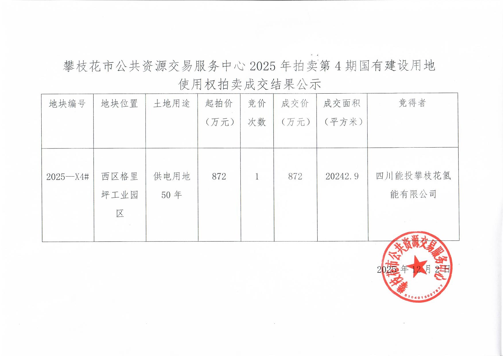 攀枝花市公共资源交易服务中心2025年拍卖第4期国有建设用地使用权拍卖成交结果公示
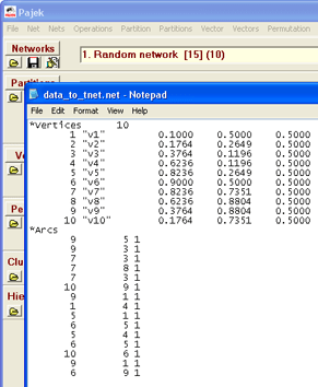 To export your data from Pajek to tnet, you must first save the network in a Pajek .net file, you can do this by going to File > Network > Save, and selecting a location. In this example, I will use c:\data_to_tnet.net. Then you need to open the .net file, e.g. c:\data_to_tnet.net in Notepad as shown on picture to the right. You need to delete the lines from “*Vertices” to, and including, “*Arcs”, so that all you have left is three columns with numbers. Then save the file.
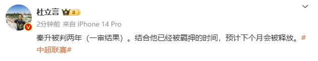 媒體人杜立言消息,秦升被判兩年(一審結(jié)果)。結(jié)合他已經(jīng)被羈押的時間,預計下個月會被釋放。
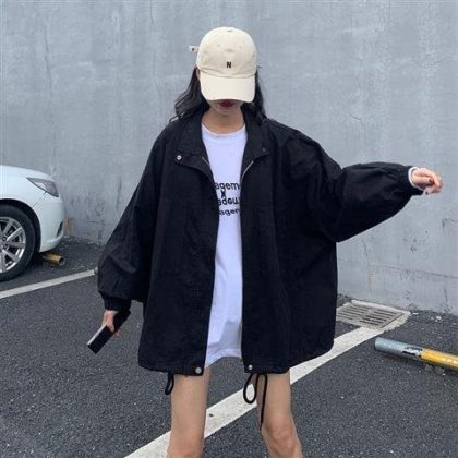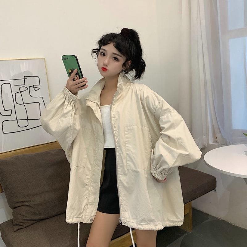 Workwear Coat Women's Autumn Hong Kong Style BF Lazy Style Vertical Collar Top for Students Korean Style Loose Slimming Retro Style Fashionable Clothes
★ ★ ★ ★
- **Problem to work on**
Return each line above word for word. Skip the pictures.

- **Answer section**
 攀枝花市公共资源交易服务中心2025年拍卖第4期国有建设用地使用权拍卖成交结果公示
 To export your data from Pajek to tnet, you must first save the network in a Pajek .net file, you can do this by going to File > Network > Save, and selecting a location. In this example, I will use c:\data_to_tnet.net. Then you need to open the .net file, e.g. c:\data_to_tnet.net in Notepad as shown on picture to the right. You need to delete the lines from “*Vertices” to, and including, “*Arcs”, so that all you have left is three columns with numbers. Then save the file.
 媒體人杜立言消息,秦升被判兩年(一審結(jié)果)。結(jié)合他已經(jīng)被羈押的時間,預計下個月會被釋放。
 Workwear Coat Women's Autumn Hong Kong Style BF Lazy Style Vertical Collar Top for Students Korean Style Loose Slimming Retro Style Fashionable Clothes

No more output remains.